We can see the configured IP address + prefix + broadcast address for the loopback interface, which every device with a network stack has, as well as the IP + broadcast address of the WiFi and tunnel interface.

Thinking about it, it makes sense that any traffic considered local to the current device should not be sent out to the network but handled, well, locally. The broadcast routes are also special as they are meant to sent traffic to all stations in a network instead of to a specific one – called unicast.

The preference of 0 ensures that these entries will be evaluated first for any given IP packet.

main table

The main routing table is the one folks usually work with. It contains routes for unicast destinations, usually the local subnet(s) the device is directly connected to, and a default route.
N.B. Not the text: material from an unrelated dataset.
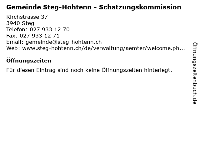 Branchen & Suchbegriffe zu Gemeinde Steg-Hohtenn - Schatzungskommission:amt, behörde, gemeinde, hohtenn, schatzungskommission, steg, verwaltung |

On my laptop this looks like this:

$ ip r
default via 192.0.2.1 dev wlan0 proto dhcp src 192.0.2.42
10.0.0.0/8 via 10.23.42.1 dev tun0 proto static 
10.23.42.0/25 dev tun0 proto kernel scope link src 10.23.42.8
192.0.2.0/24 dev wlan0 proto kernel scope link src 192.0.2.42

Note the proto kernel and proto static parameters on the routes. The former denotes that this route has been added by the kernel itself, i.e. when an IP address has been configured on an interface and the interface is up. The latter denotes a route which has been added manually by an operator or script most likely using ip route add. Routes added by a routing daemon like bird for example usually have a specific proto set, e.g. proto bird.

Note: Similar to the /etc/iproute2/rt_tables file mentioned above, there’s also an /etc/iproute2/rt_protos file containing the ID to name mapping for protocols. Thanks to Christoph for the suggestion to add this. 🙂

default table

By default, the default table does not contain any routes. I’ve never seen a setup where it would have been used, and the only use case I could imagine would be a backup default route in case the regular one goes away for any reason. I’d however rather use a 2nd default route with a higher metric in the main table to follow the principle of least surprise.

Special route types

By default, routes are of type unicast and provide a real path to the given prefix. Linux does support some more route types, which come in especially handy on systems acting as routers within a network or at its border.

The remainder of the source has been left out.